Reading and Conversation: “Under the Campus, the Land”

Sun, Apr 13, 2025
2:00pm–4:00pm
Museum of Art

Join us for a conversation on Anishinaabe Futuring, Colonial Non-Memory and the Origin of the University of Michigan.

In the 1817 Treaty of Fort Meigs, Anishinaabe leaders granted land to a college where their children could be educated. At the time, the colonial settlement of Anishinaabe homeland hardly extended beyond Detroit in what settlers called the “Michigan Territory.” Four days after the Treaty of Fort Meigs was signed, the First College of Michigania was founded to claim the Anishinaabe land grant. Four years later, the newly-chartered University of Michigan would claim this land. By the time the University of Michigan moved to Ann Arbor in 1837, Anishinaabe people had been forced to cede almost all their land in what had become the state of Michigan, now inhabited by almost 200,000 settlers. 

Andrew Herscher’s recent book, Under the Campus, the Land (University of Michigan Press, March, 2025), narrates the University of Michigan’s place in both Anishinaabe and colonial history, tracing the University’s participation in the colonization of Anishinaabe homeland, Anishinaabe efforts to claim their right to an education, and the university’s history of disavowing its responsibilities to Anishinaabe people. 

Andrew Herscher and Bethany Hughes will discuss the book and the questions it raises about the University of Michigan’s history and future. 

Free and open to the public, no registration required.

More About
Andrew Herscher

Andrew Herscher’s work endeavors to bring the study of architecture and cities to bear on struggles for justice, democracy, and self-determination across a range of global sites. He is the co-founder of a series of activist research collectives, including Detroit Resists, the Settler Colonial City Project, and the We the People of Detroit Community Research Collective.

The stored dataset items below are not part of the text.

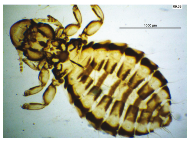
Figure 3. Cuclotogaster heterographus, female, original.

In conclusion, 25 lice species were recorded on birds in this study. R. helvolus and Saemundssonia sp. (N) from
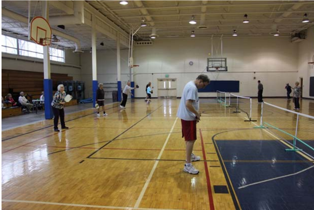
Pickleball players use three courts for doubles play at the Northville Community Center.

For information, call Parks and Rec at 248.349.0203.
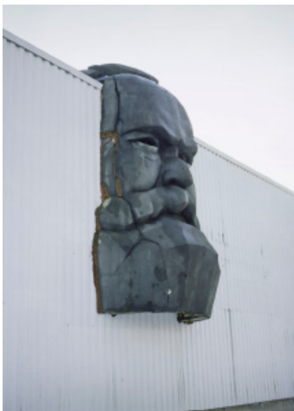
Chemnitz - Modern City
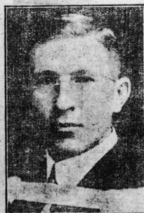
Brings Honor to Canada.

A despatch from Halifax, N.S., says:—Premier E. H. Armstrong has introduced a bill in the local House of Assembly amending the Rule of the Road and the Motor Vehicle Act, conforming to the traffic rule prevailing in all other provinces of the Dominion, which have adopted the "drive to the right" policy. There was no discussion.
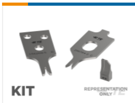
TE Part #7-2266452-7 OC-070F100F-CRIMP TOOLING KIT
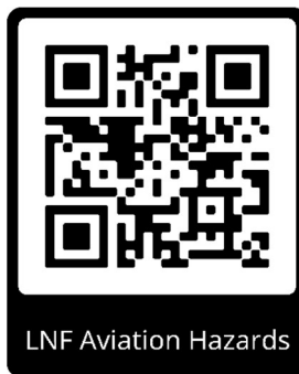
LNF Aviation Hazards
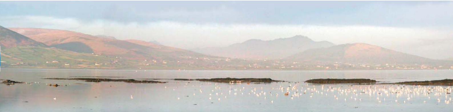
Carlingford Lough and the Mountains of Mourne
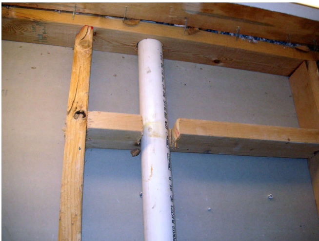
The shorter blade let me cut around the vent pipe without nicking it.
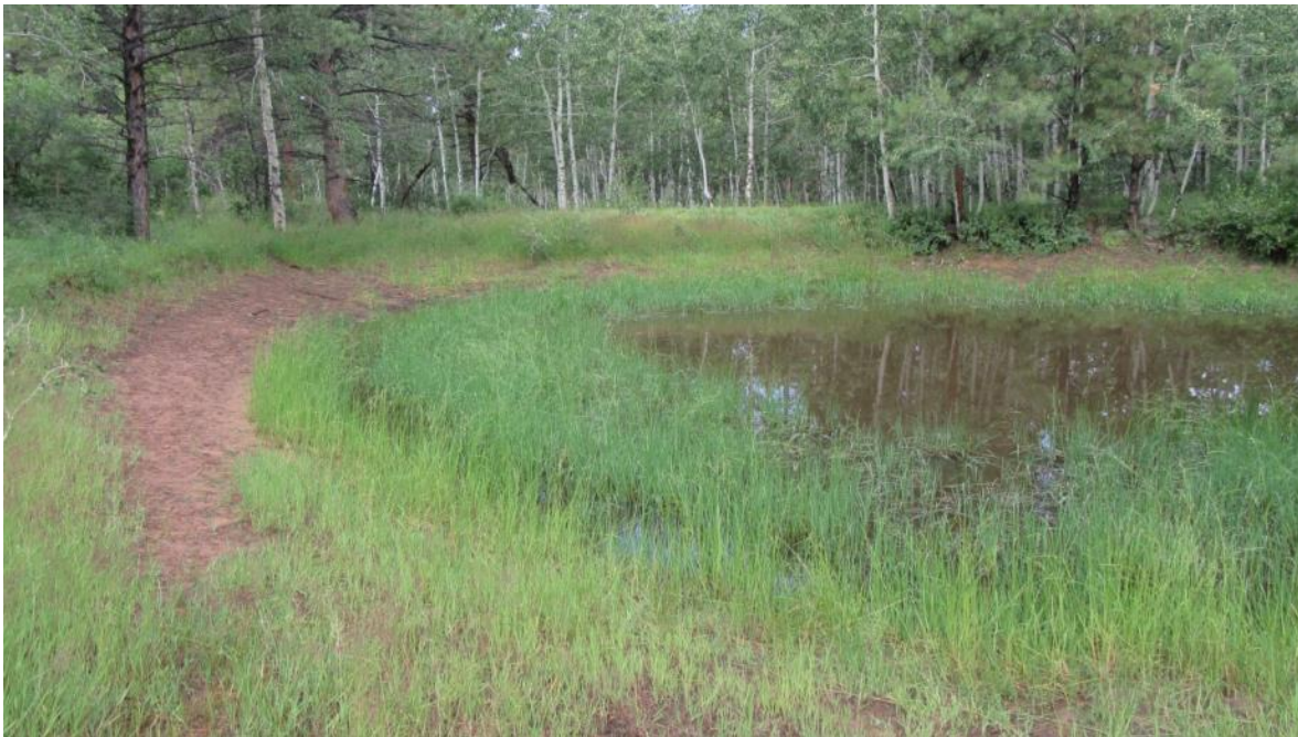
Pond (2) 698992 4279033 dir: W
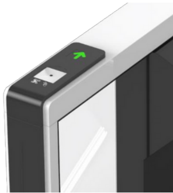
QR Code Solution
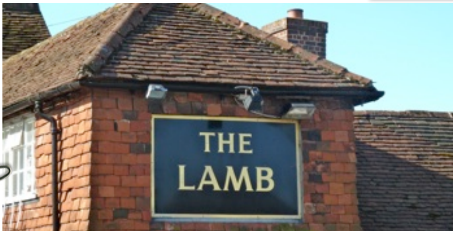
Heather's favourite name.
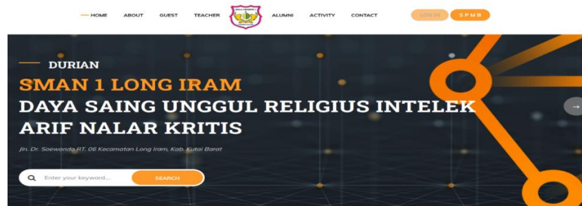
Figure 1. Initial View of the Durian Website

ranging from "strongly disagree" to "strongly agree" (Brooke, 1996). This method was chosen because of its simplicity and reliability in measuring the perception of usability of various types of systems or applications (Lewis, 2018). The initial display and login of the Durian website are seen as in Figures 1 and 2 as shown below.
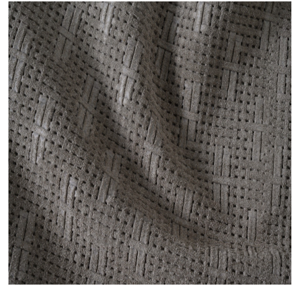
Satin Suede Smoke
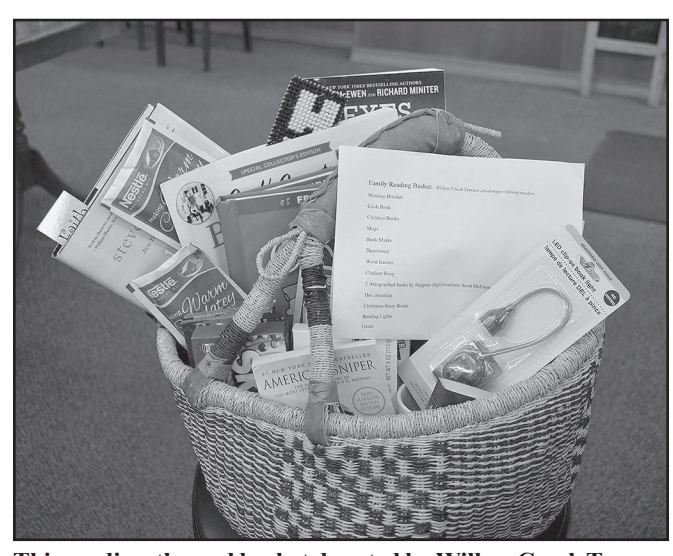
This reading-themed basket donated by Willow Creek Terrace is one of the many auction items that will be available at the Booster Club auction this weekend. Many of the items up for bid are on display around Heppner.

ed Heppner JR/SR High pner, Morrow County Grain Booster Club Steak Feed Growers, Bank of Eastern and Auction begins at 6 p.m. this Saturday, Oct. 10,
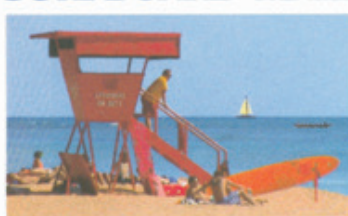
A lifeguard tower on Waikiki Beach.

As part of the ceremonies for the release of stamps depicting surfing on August 24 2002, a surfer was commissioned by Hawai'i Post to paddle his surfboard from the Hilton Hawaiian Village on Waikiki Beach to the Outrigger Hotel, further down the beach. On his surfboard, the surfer was carrying with him many covers that were cancelled that day with a special postmark showing that they were "Surfboard Mail".
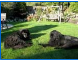
Max and Boston

“We were so excited as a family to adopt Max. He flew from Buffalo, New York, to Seattle, Washington, and out he came from the crate looking for who might be there for him...from that minute on, Newfies were our kind of dog! We were lucky enough to adopt Max’s half-sister (Boston) a year later. They were just the best of buddies. It has been a tough four months for Boston being an ‘only’ dog. We hope to add a new member to the family this summer some time.
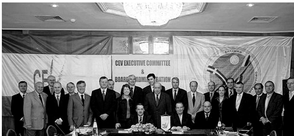
The members of the CEV Board of Administration pose at the end of their meeting in Athens
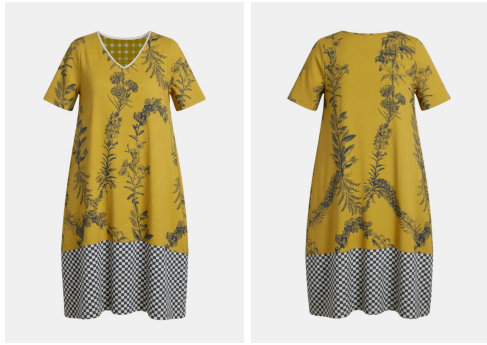
Dress Durga Flowers Crown Amber
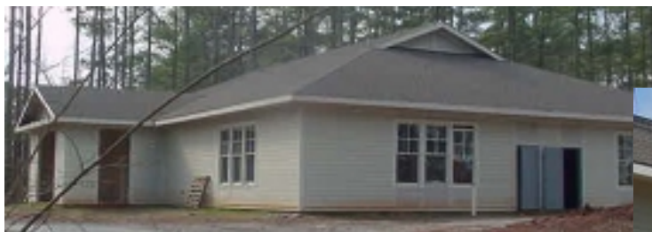
WILDLIFE ECOLOGY BUILDING FUNDED BY FRIEND OF 4-H COMPLETION DATE MAY 1, 2002
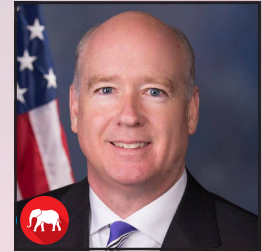
FOR UNITED STATES REPRESENTATIVE 4TH CONGRESSIONAL DISTRICT ● ROBERT B. ADERHOLT
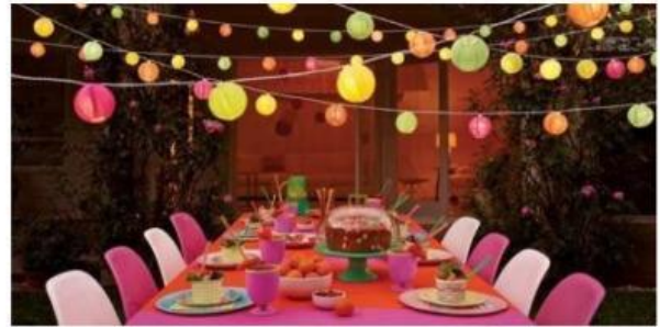
Planning a party
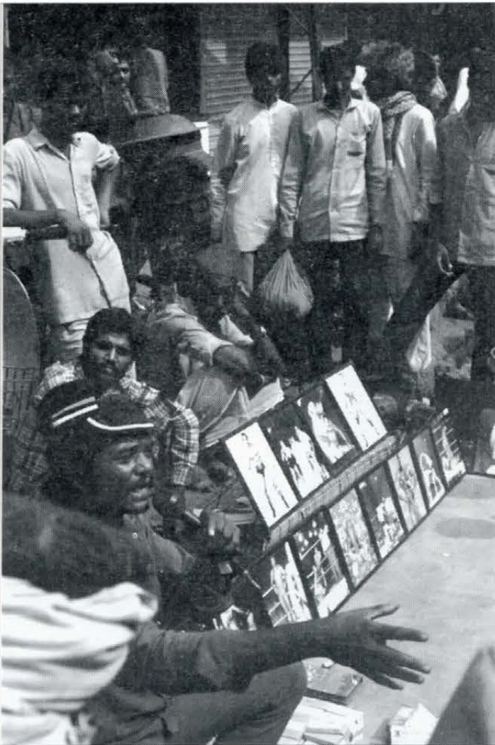
Selling dreams on the street.

The grievances voiced by the BJP have had to do primarily with certain legal concessions to Muslims guaranteed in the constitution. In radically overhauling Hindu personal law to conform with his western liberal concept of the rights of the individual, Nehru not only abolished caste restrictions but managed to pass less popular bills certifying the rights of women. These laws, however, are not binding on Muslims. Thus, a Hindu can be taken to court for polygamy while a Muslim cannot. Equally, the liberal terms for divorce apply only to Hindu marriages. Not so much sanctioning a bias against Hindu men as against Muslim women, these differences are nonetheless brought up constantly as unfair to the majority. A call for their correction has been the BJP's central plank.
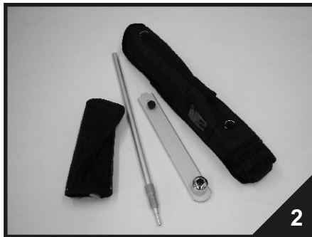
2. Package content of the Fortuna stand.
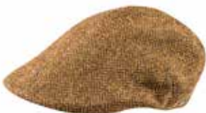
SC H16 Beige Dark Brown Herringbone
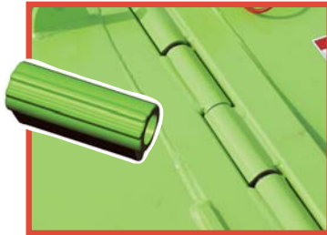
Heavy duty cast hinge line with wiper seals
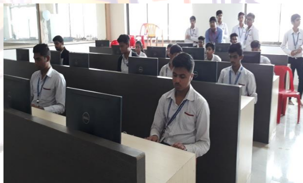
Participation of students in Blind C Competition.
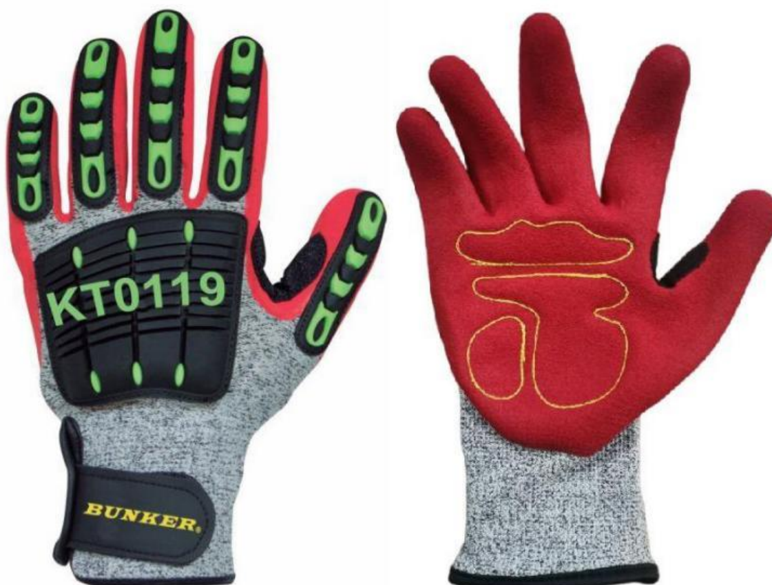
Picture 1: Gloves back with marking, knitted seamless anticut liner, microfoam sandy nitrile coated gloves, with sewn palm absorber, reinforced thumb crotch, TPR overlays+velcro closure
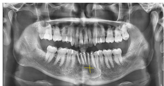
Figure 2 6 th month postoperative OPG.

His most recent book is Under the Campus, the Land: Anishinaabe Futuring, Colonial Non-Memory, and the Origin of the University of Michigan (University of Michigan Press, 2025). He is Professor of Architecture and Faculty Associate of the Native American Studies Program at the University of Michigan.

More About
Bethany Hughes

Bethany Hughes (Choctaw Nation of Oklahoma) is an Assistant Professor at the University of Michigan. A performance scholar and cultural historian, her work focuses on the representation of Native Americans in theatrical performance and contemporary Indigenous performance. Hughes teaches on Native American Studies, Indigenous performance, race and musical theatre, and American performance. Her writing can be found in Theatre Journal, American Periodicals, Theatre Survey, Mobilities, and Theatre Topics. Her book Redface: Race, Performance, and Indigeneity (NYU Press) articulates the aesthetic, racial, and political implications of the “Indian” in live theatre.